Por Daniel Augusto Teixeira de Miranda e Rita Machado
O humor tem limites? É possível a responsabilização de artistas pela expressão de sua arte? Uma breve análise e diferenciação entre censura e limites.
O debate envolvendo o chamado limite do humor e as intervenções judiciais proibindo, ou responsabilizando comediantes por seus textos, têm sido cada vez mais comuns.
Em um cenário de dispersão de informações cada vez mais ágil e ampla, é de se esperar que a discussão sobre eventuais excessos em produções artísticas se dê de forma ampla.
Independente dos casos específicos e das decisões judiciais mais rumorosas, trataremos sobre a existência de limites impostos pela Constituição Federal e pela Lei às produções artísticas. Com isso, a ideia é a de fornecer ferramentas para o debate que se aflora.
A comédia tem limite? Qual?
Sim, a lei. Essa seria a resposta mais curta possível para o tema, mas parece não ter sido suficiente para convencer ou aplacar os ânimos extremamente inflamados nesse debate. Por isso, necessário explicar o que significa dizer que uma produção artística tem como limite para sua expressão a lei.
No mundo moderno, quase todos os debates envolvendo direitos, deveres e limites terão como cenário um ambiente de conflito de interesses, princípios, direitos e deveres. Se de um lado há a liberdade de expressão artística, por outro, existem os limites impostos pela Constituição Federal e pelas leis. Nenhum direito é absoluto e ilimitado.
Em outras palavras, se a produção humorística incorre em hipótese de ofensa a grupos ou indivíduos em uma esfera protegida pela Lei (raça, liberdade de credo, gênero, etc), ela poderá vir a ser alvo de sanções criminais e civis.
Limitar o humor é censura? E as demais manifestações artísticas?
Os defensores da expressão artística ilimitada, até mesmo pelo nosso recente passado de governos autocráticos, tendem a chamar atenção para eventual censura.
Disso discordamos completamente. A censura não se confunde com a imposição dos limites legais em uma sociedade democrática. Por exemplo, considerando o Dia Mundial de combate à LGBTfobia, não é possível a um artista expressar, ainda que a título de piada, uma ideia ou anedota que indique cenário de homofobia, incite violência, ou exclusão do referido grupo ou de indivíduos enquadrados no grupo protegido, sem sofrer as consequências dos seus atos.

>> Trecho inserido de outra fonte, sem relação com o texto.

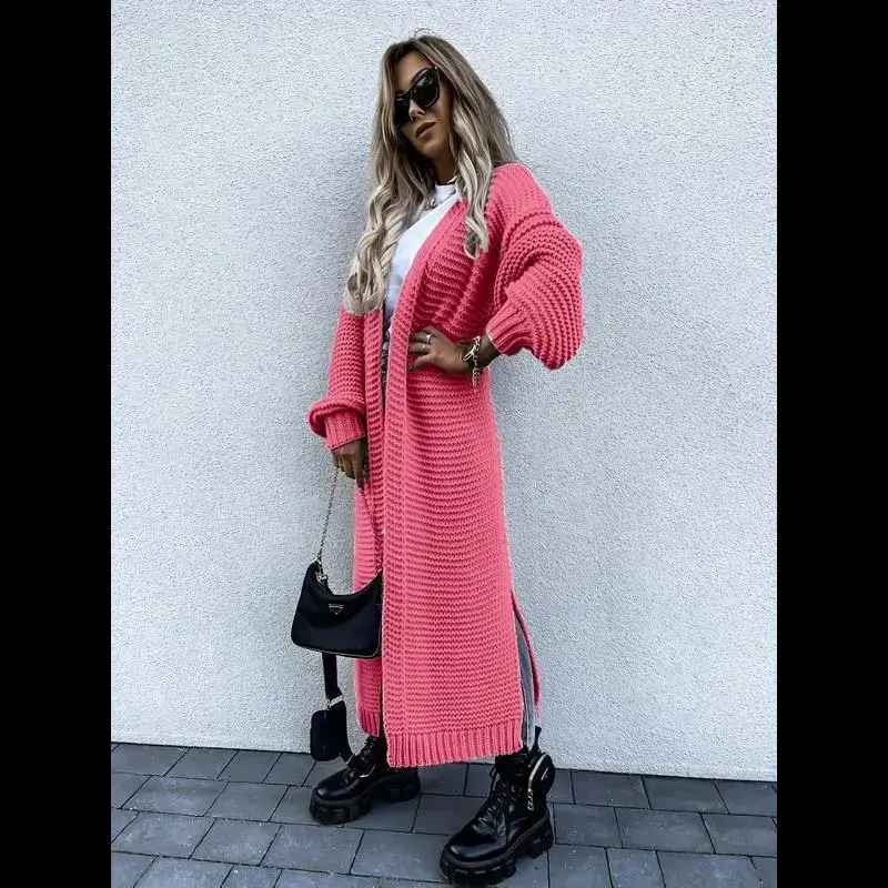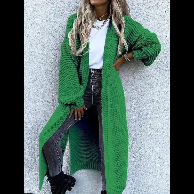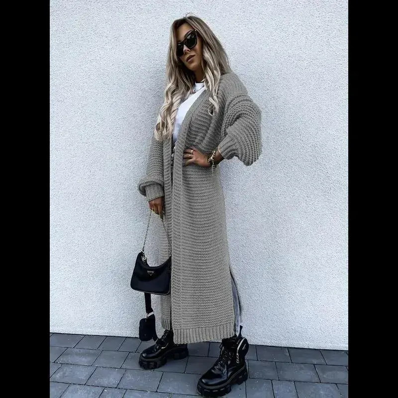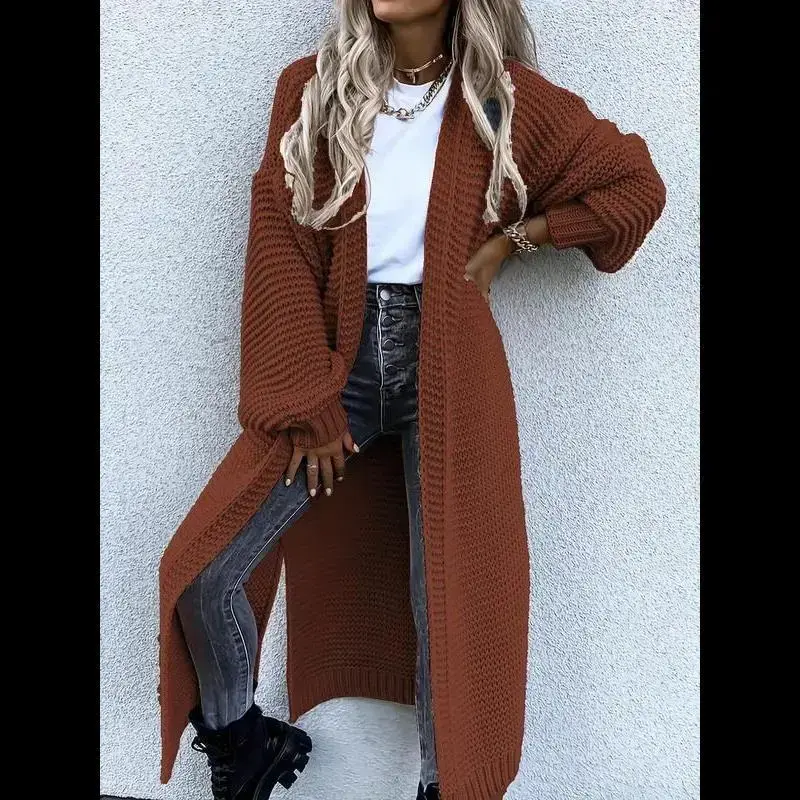 Women's Solid Split Hem Bishop Sleeve Open Front Longline Cardigan, Long Sleeve Knitwear for Fall & Winter, Knit Clothing for Daily Wear, Womenswear

Da mesma forma, a classificação indicativa para eventos artísticos (prevista pelo Estatuto da Criança e do Adolescente), não se confunde com censura. Nada mais é do que a imposição de um limite ao grupo de pessoas que poderão ter acesso diretamente ao conteúdo produzido.
Como diferenciar crítica de ofensa?
Aqui temos, como é comum em casos complexos, a famosa zona cinzenta. O que diferencia a crítica a determinado grupo. ou pessoa, da ofensa apta a gerar efeitos nas esferas criminal e cível?
Em primeiro lugar, o próprio grupo ou pessoa afetado por aquela manifestação é que terá a responsabilidade para indicar como recebe aquela piada, se como mera crítica, ou ofensa. Em segundo lugar, caberá ao Estado, em especial ao Poder Judiciário, avaliar se aquele caso extrapola ou não o limite aceito pela lei e pela jurisprudência.
Uma vez mais, será no caso a caso que serão definidos os limites, não podendo estabelecer um critério geral. Portanto, na maioria das vezes, caberá ao Judiciário definir as hipóteses de extrapolação.
O comediante possui imunidade de manifestação?
Não. Nem o comediante e nem nenhum outro artista está livre das consequências decorrentes de suas manifestações. Novamente, é importante perceber que não se trata de hipótese de censura, já que não se diz que o comediante não poderá se manifestar. O que se diz é que ele deve ter ciência de que sua manifestação poderá ter consequências.
Aliás, é interessante notar que o Poder Judiciário vem discutindo e limitando as imunidades profissionais, inclusive, daqueles que possuem expressa proteção legal ou constitucional, como no caso de membros parlamentares, advogados, etc.
Ou seja, nem mesmo aqueles que possuem a proteção legal da imunidade profissional podem se arvorar no direito de cometer crimes contra a honra, ou proferir ofensas sem qualquer fundamento ou razão de ser.
O comediante, portanto, assim como qualquer outro profissional, é responsável pelos atos realizados no exercício de sua profissão e deve ter em consideração que as suas manifestações não podem extrapolar os limites legais.
A liberdade de expressão não se confunde com a imunidade de manifestação, nem tampouco afasta as consequências legais dos atos praticados.
Aos membros da comunidade artística é dada a opção de se manifestar desde que cientes dos limites impostos pela Constituição e pela Lei, cientes, ainda, das consequências de eventuais extrapolações como, por sinal, estamos, ou devemos estar, todos nós.